True Believers? Sincerity and Article 9 of the European Convention on Human Rights
Wolff, T. (2021). True Believers? – Sincerity and Article 9 of the European Convention on Human Rights. European Constitutional Law Review, 1-28. doi:10.1017/S1574019621000171
28 Pages Posted: 19 Jul 2021
Date Written: July 5, 2021
In jurisdictions where a right to freedom of religion or belief (hereafter, freedom of belief) is enshrined in law, courts must sometimes determine whether individuals who invoke said right are being honest about what they claim to believe. Determining (in)sincerity in this context is a delicate matter, and there is no consensus as to which types of considerations for doing so are legitimate.
This article’s first objective is to outline what I take to be the most defensible approach to this matter. The central questions here are: which types of circumstance raise legitimate doubts about sincerity? And what evidentiary role should these credibility-undermining circumstances play in the judicial fact-finding process? To provide some background to these questions, the second and third sections are devoted to a conceptual analysis of sincerity in the context of freedom of belief. The second section offers an account of the three ways an individual can be insincere about belief, while the third section explores the conceptual linkage between sincerity and ulterior motive: insincerity occurs when an individual demands to practice her ‘belief’ while solely having an ulterior motive. The fourth section discusses which circumstances may be taken as evidence of insincerity so understood. Five candidates are considered. The first two, ‘implausible manifestation’ and ‘inconsistency with beliefs of co-believers’, are rejected. The remaining three, ‘obvious unseriousness of the belief system’, ‘ignorance regarding the belief system’, and ‘personal inconsistency’, should be seen as providing legitimate evidence of insincerity, or so I argue. Some of these circumstances (e.g., personal inconsistency) are emphasised by almost all writers on the subject, which allows me to draw on their work. Others have received little or no scholarly attention, which impels me to develop some tentative ideas of my own. The fifth section provides a short discussion of burden of proof.

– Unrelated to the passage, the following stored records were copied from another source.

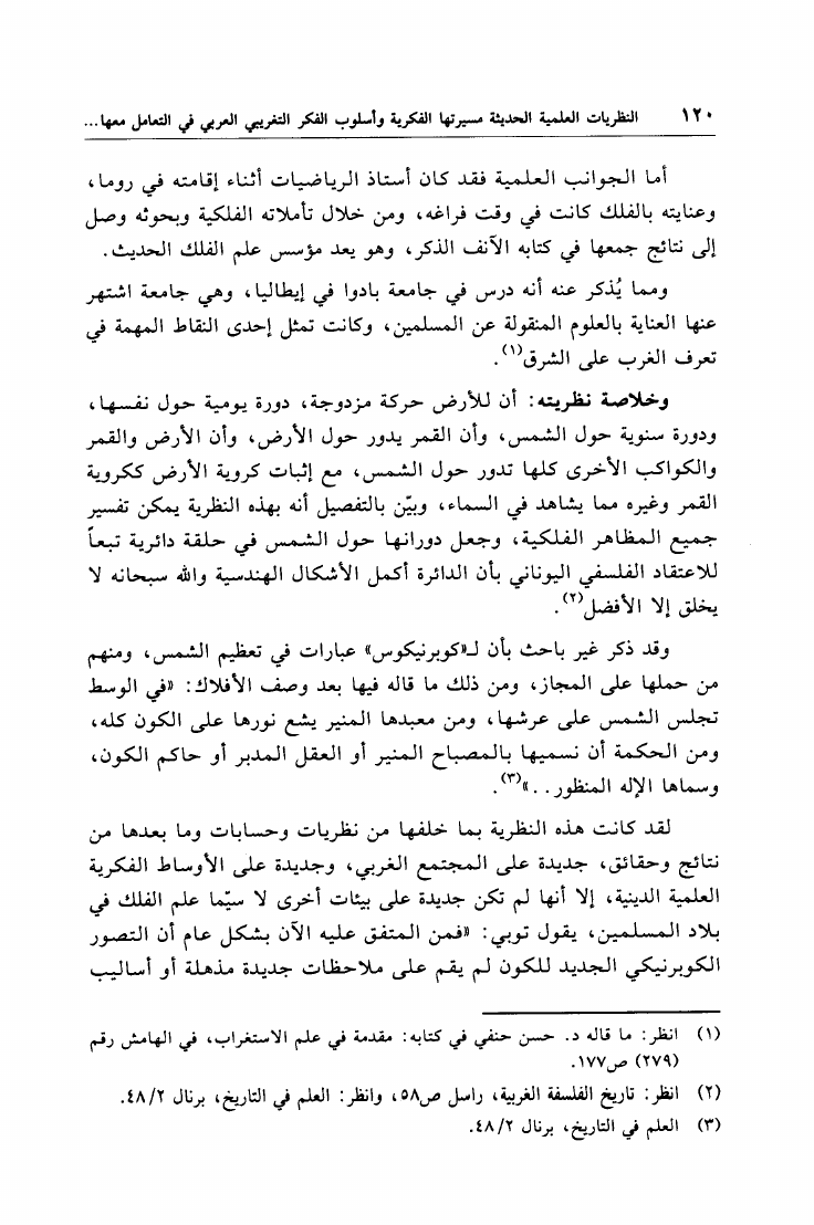 نام کتاب : تأثير النظريات العلمية الحديثة مسرتها الفكرية وأسلوب التفكير التغريبي العربي في التعامل معها دراسة نقدية (ط. أوقاف قطر) نویسنده : حسن بن محمد حسن الأسمري جلد : 1 صفحه : 120
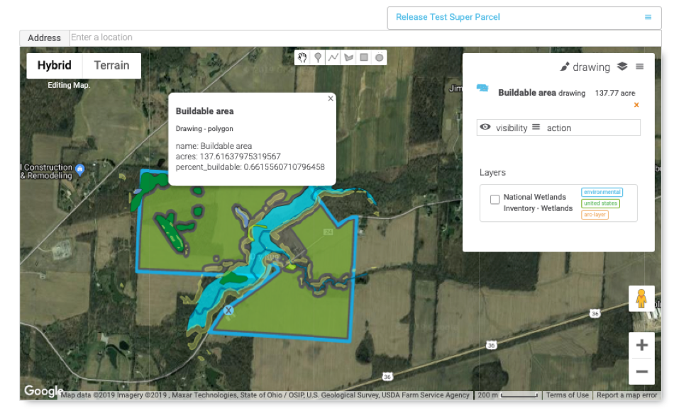 Here's an example. Our system automatically calculated that the parcel below has 137 buildable acres (no floods, wetlands, minimal slope, and 25 foot buffers) and created all of the polygons with just 1 click.
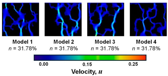 Figure 12 shows the distribution of the water-phase seepage velocity field of different porosity models after the stabilization of two-phase seepage. It can be found that the overall water-phase velocity values show a decreasing trend in turn, with model 1 exhibiting an overall velocity of u1 = 0.174, model 2 at u2 = 0.152, model 3 at u3 = 0.116, and Model 4 at u4 = 0.062. It indicates that when the seepage is stable, the overall velocity of the water phase decreases as the porosity of the model decreases, and the maximum value of the two-phase seepage velocity is smaller. Besides, Model 2 and Model 3 present a significant large pore preferential flow phenomenon, which is not apparent in the rest models. It indicates that the local seepage velocity is closely related to the pore structure morphology, and the generation of the preferential flow is not significantly correlated to the porosity [9,47,48]. The lack of a significant correlation between preferential flow and porosity highlights the importance of considering the spatial distribution and connectivity of pores when studying two-phase flow in undisturbed soil. Pore structure characteristics, such as the presence of narrow or wide channels, can have a significant impact on the flow behavior and the preferential migration of fluids. Therefore, a comprehensive characterization of the pore structure morphology is crucial for understanding and predicting the flow dynamics in undisturbed soil. These findings have important implications for soil management and engineering applications. Understanding the preferential flow behavior and its relationship with pore structure can help in designing more efficient drainage systems, optimizing irrigation practices, and predicting contaminant transport in soil. By considering the specific pore structure characteristics, engineers and researchers can develop more accurate models and simulations to predict and mitigate potential flow-related issues in soil systems.
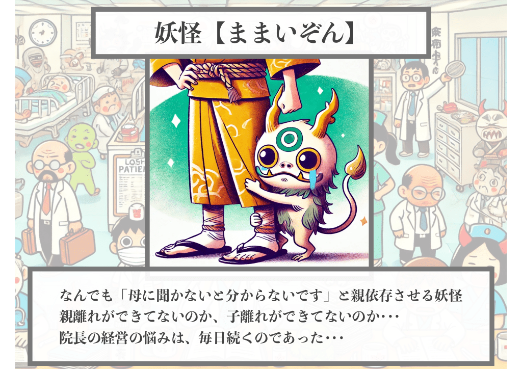 #13. 妖怪【ままいぞん】 なんでも「母に聞かないと分からないです」と親依存させる妖怪 親離れができてないのか、子離れができてないのか・・・ 院長の経営の悩みは、毎日続くのであった・・・
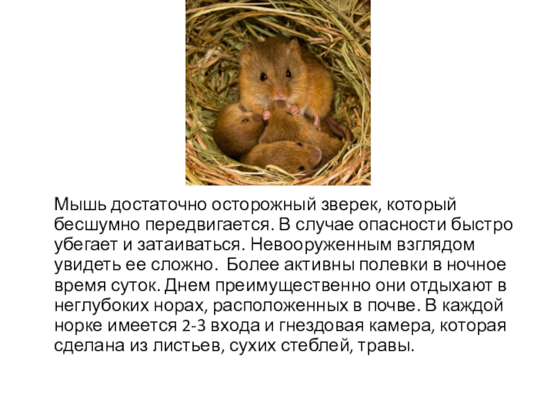 Мышь достаточно осторожный зверек, который бесшумно передвигается. В
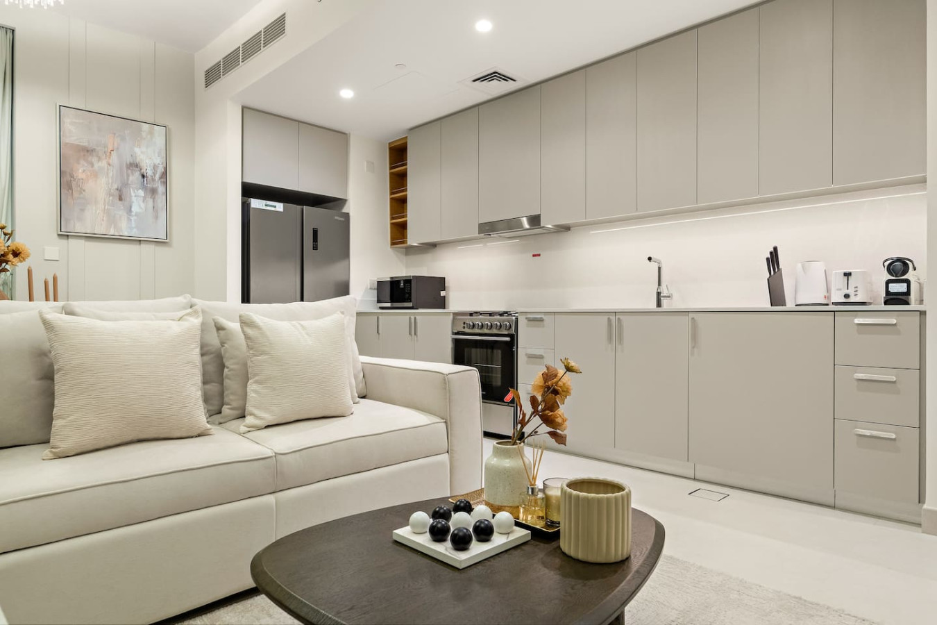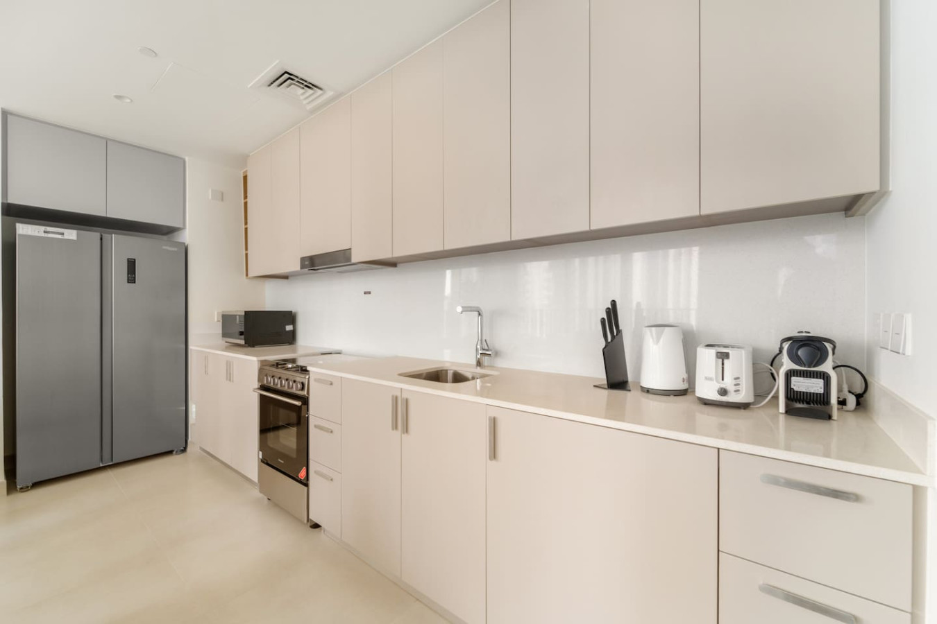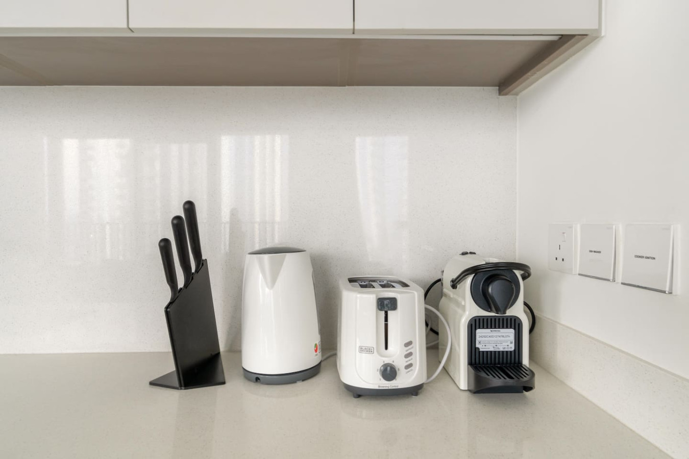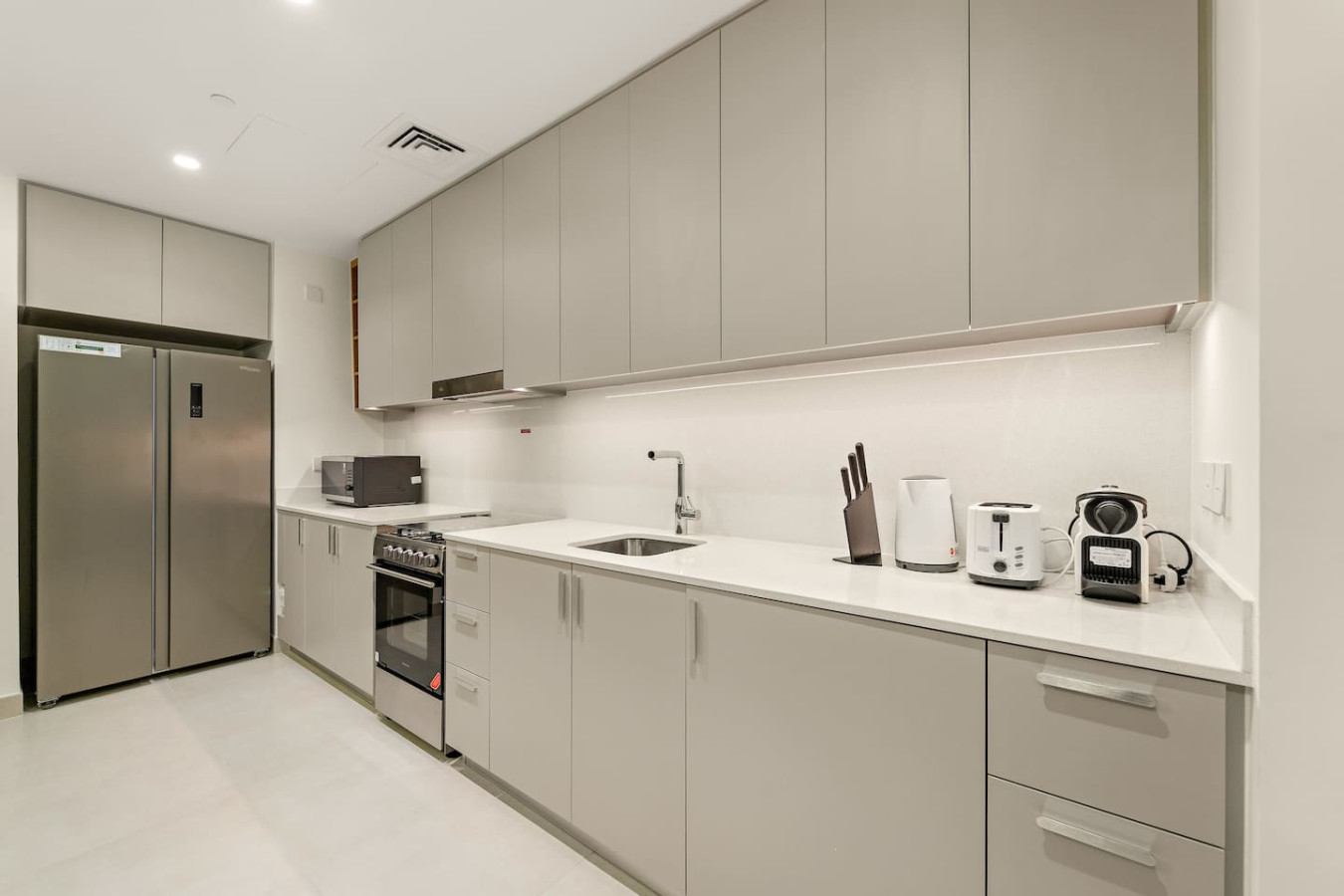 It is fully equipped with stainless-steel cooking appliances that make it suitable for preparing any meal, whether a simple breakfast, quick snack or a three-course gourmet dinner. Spacious quartz countertops and a central kitchen island provide plenty of room to work your MasterChef magic.

The article’s second objective concerns the case law on sincerity. Most of the literature focusses on the ways American and British courts assess (in)sincerity of belief. This article turns the spotlight onto the European Court of Human Rights (hereafter: the Court). With respect to Article 9 of the European Convention on Human Rights (hereafter: the Convention), a case law guide on the Court’s website states that ‘domestic authorities are not justified in casting doubt on the sincerity of the beliefs which an individual claims to hold without supporting their position with solid, cogent evidence’. Given this strong admonition directed at the Contracting States, it is worth examining how the Court goes about assessing (in)sincerity in Article 9 cases (or, rather, how it supervises the way states perform this task).
The article’s strategy for connecting the two objectives is as follows. In the discussion of each candidate for credibility-undermining circumstance, an account is included of its role in pertinent case law. Some circumstances have repeatedly been addressed by the Court, and the article attempts to determine whether it has done so in a consistent and persuasive manner. With respect to some other circumstances, on the other hand, examining the case law yields scarce results, owing to the fact that the Court has not yet had the opportunity to address them. (For example, to my knowledge, the Court has never decided on a case that involved a parody religion.) In these cases a more speculative account is given by extrapolating or analogising the case law on adjoining subjects.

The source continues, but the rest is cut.